Authors: Anne Mendelson
S
ome rough-and-ready cousin of the “Fresh White Cheese with Cultures” in this chapter was the first of all cheeses, allowing for such circumstances as the absence of cows’ milk, or of nice purified cultures to be added in measured amounts. Cheese made by a combination of culturing and renneting came later. But what came next was not cheese ripened or aged by the techniques later developed in northwestern Europe. Once fresh cheeses had become ubiquitous in the
Diverse Sources Belt, people discovered the simplest means of
preventing
the onset of ripening: putting the cheese in brine. The modern example that most people know by name is Greek feta.
The curd structure of brined (also often called “pickled”) cheeses has more in common with that of fresh cheeses than those that have undergone prolonged, progressive changes through ripening and perhaps protracted aging. The main difference is in the degree to which the
original
casein gets rearranged. A good deal of the somewhat spongy original casein matrix remains in brined curd. Prompt salting and brining are what keep it from starting down the cascade of reactions known as ripening.
At the stage where a fresh cheese would be deemed ready for eating, brined cheese takes a detour. The curd is cut into slabs or chunks, salted, and left to firm up by releasing more whey for some hours or days before being put into a container with a brine solution of salt, water, and—usually though not always—some of the whey, which lightly acidifies the brine.
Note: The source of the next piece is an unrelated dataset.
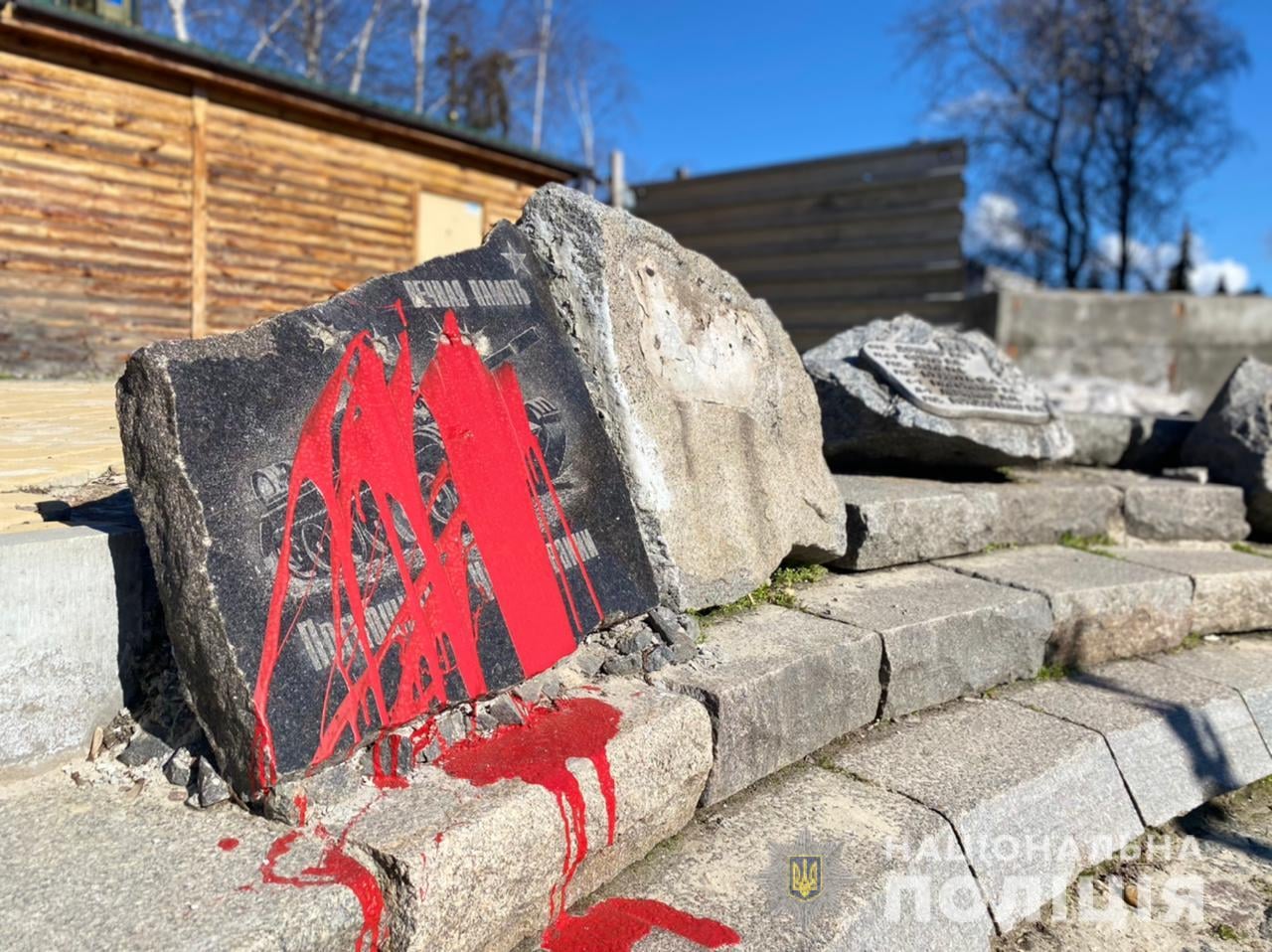 Слідчі задокументували факт осквернення пам’ятника. Наразі правоохоронці встановлюють осіб, причетних до скоєного злочину. За фактом осквернення пам’ятника відкрито кримінальне провадження. Винним загрожує покарання у виді обмеження волі на строк від трьох до п’яти років, або позбавлення волі на той самий термін.

In this state, it keeps for weeks or months, depending on the strength of the brine. When removed and desalted by soaking in fresh water, it can be nearly as close to the milky quality of the fresh curd as soaked salt codfish is to the character of fresh cod.
I never use any special equipment or ingredients from cheesemaking-supply companies. These expenses may make sense if you’re working on a professional scale with dozens of
gallons of milk at a time. But for one or two pounds (roughly two to four cups) of cheese, anybody can get equally good results with pretty ordinary kitchen resources and a little planning. (If you decide to explore fresh cheeses more zealously, see the
Note on Shopping Sources
.)
The only necessary ingredients are milk or a milk-cream mixture, a source of live lactic-acid bacteria to inoculate and culture the milk, and in three of the following five cheese recipes, an enzyme to help set up the curd.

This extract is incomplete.